Она кивнула, разглядывая их. Да уж, смотрелись они колоритно.
- Мы сочувствуем вашей потере, - Джаред кивнул, видно, для пущей убедительности.
- Утрате, Джей, - поправила Джейн.
- Ну Джинни! Только не сейчас!
- Молчу-молчу, - девчушка примирительно подняла руки.
- Вы ее хорошо знали? - решила вмешаться Элли.
- Достаточно, - неоднозначно ответила Джейн, разглядывая свои ладони. Не хочет смотреть в глаза, как для себя определила Элли. - Мы были с ней в последние дни.
- Обещать обреченному жизнь - гадко, - проворчал Джаред, хрустя пальцами и тоже опустив глаза.
- Боже, Джей! - девчушка, казалось, взорвалась. - Только не сейчас и только не при ней!
- Ну а что?! - возмутился тот. - Что мне велишь говорить?! Я не виноват в том, что она умерла! Эта болезнь изъела ее изнутри, ей больше ничего не оставалось, а я не умею врать, что все будет хорошо, я не ты, Джинни!
- Ты должен! Ты должен говорить человеку то, что он хочет слышать!
- Вранье. Я никому ничего не должен, - Джаред, казалось, и до этого был на взводе, а встреча с Элеонорой пробудила в нем не самые лучшие эмоции. Он ушел к каменной ограде, напоследок кинув:
- Мне не нравится этот ваш бог, который мучает хороших людей.

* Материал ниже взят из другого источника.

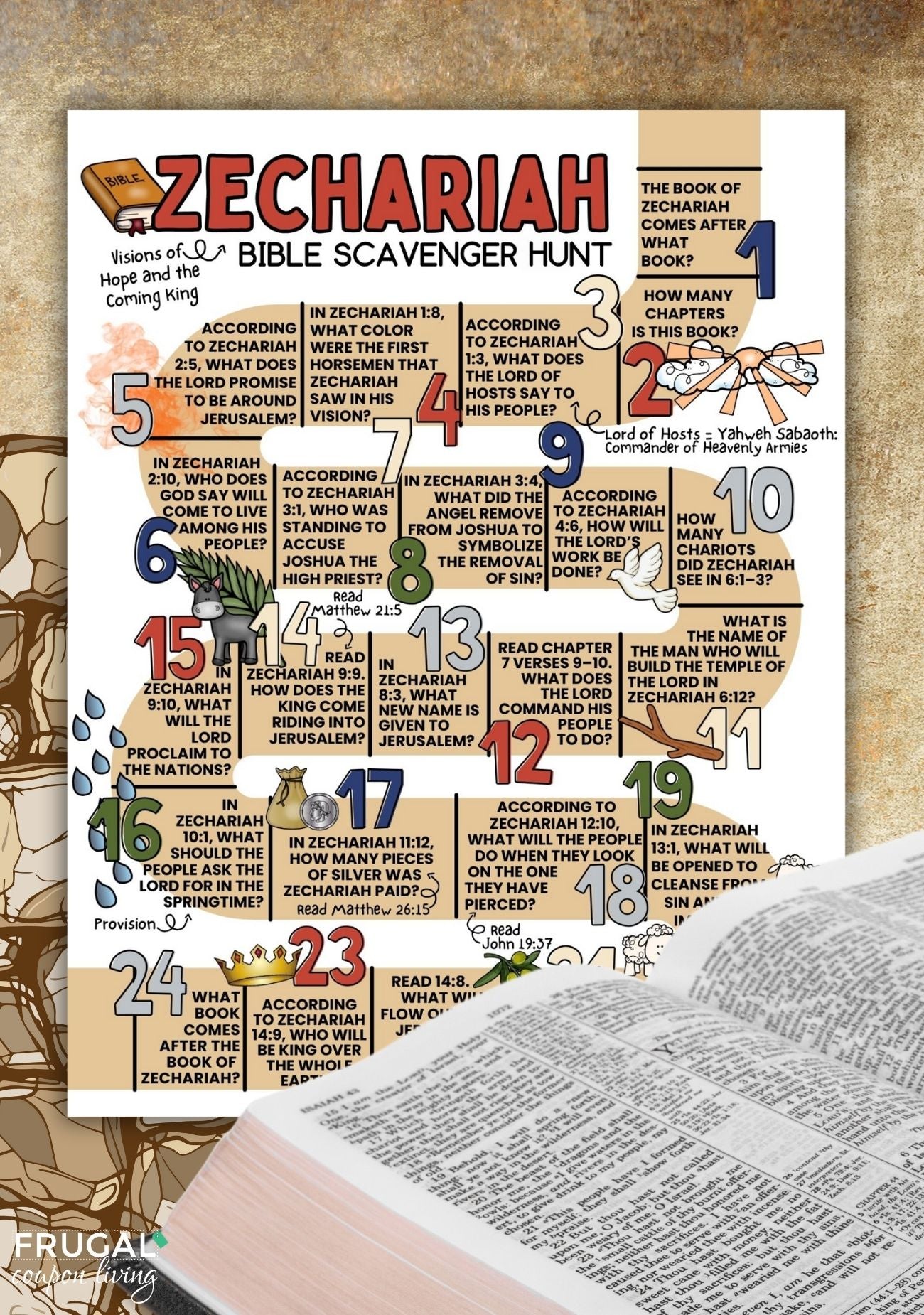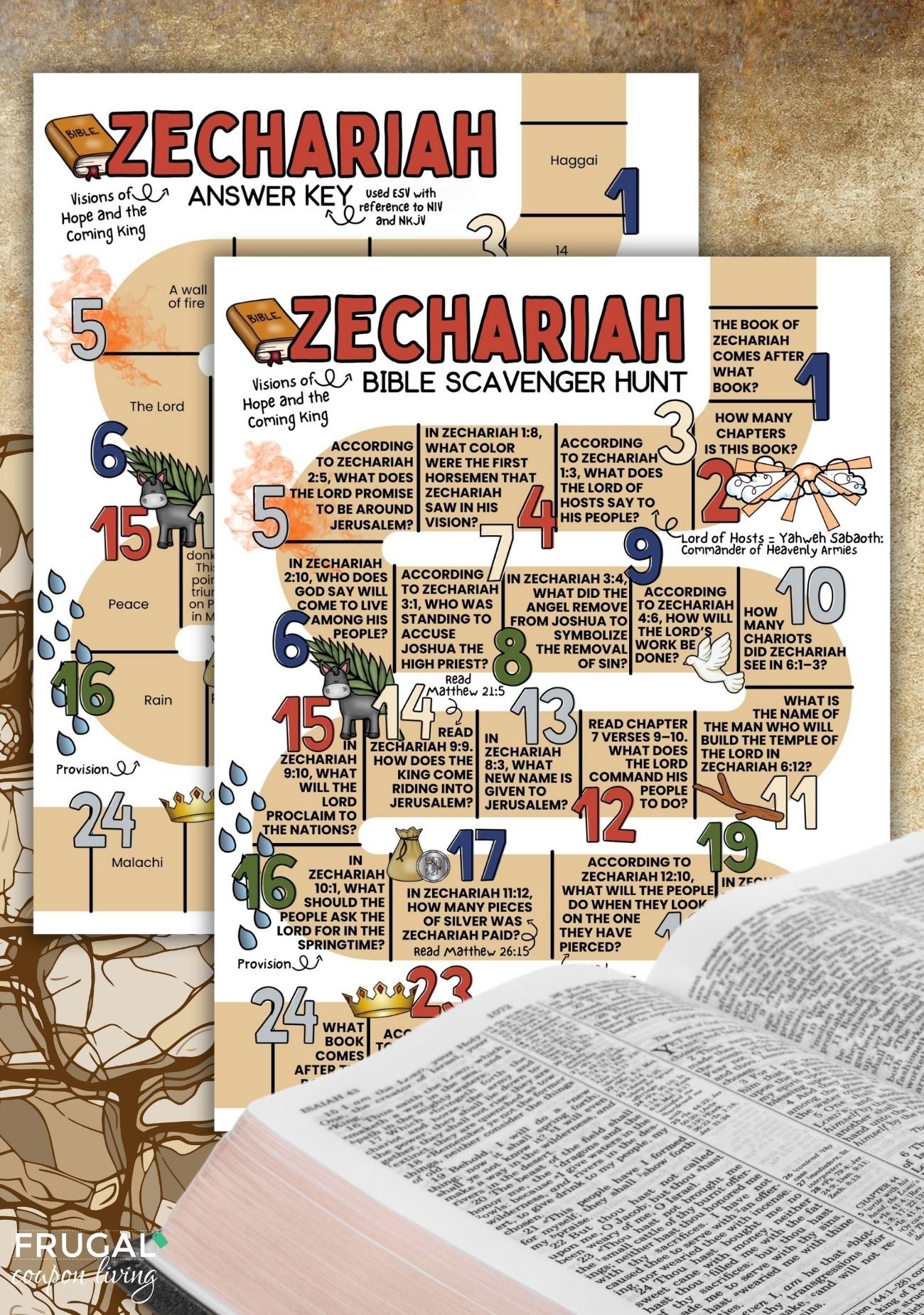 This Bible scavenger hunt focuses entirely on the Book of Zechariah and follows the chapters in biblical sequence.

Сказал, как сплюнул. И Элли показалось (или не показалось), что что-то в этой фразе было очень личное, детское, обиженное, то, что хранится в укромном уголке памяти, и Джаред старается запереть это, но иногда оно прорывается. Джаред, судя по тому, что рассказывала о нем тетушка, многое пережил за свои жалкие пятнадцать и, пожалуй, имел право разок сорваться. Правда, Элли на тот момент не знала, что одним разом дело не ограничилось.
Джейн быстро извинилась за слова брата и побежала за ним - видно, тот мог натворить что-нибудь. Элли осталась одна на пляже, подул холодный ветер, и она поняла, что пора уходить. Музыка привела ее в это место, а сейчас музыки больше нет. Пора "домой". Ах, как бы хотела Элли обрести место, которое смогла бы называть домом, не фальшивя и не кривясь, однако сейчас ее ждал номер в отеле, не больше.
Но она найдет дом. Она пообещала себе.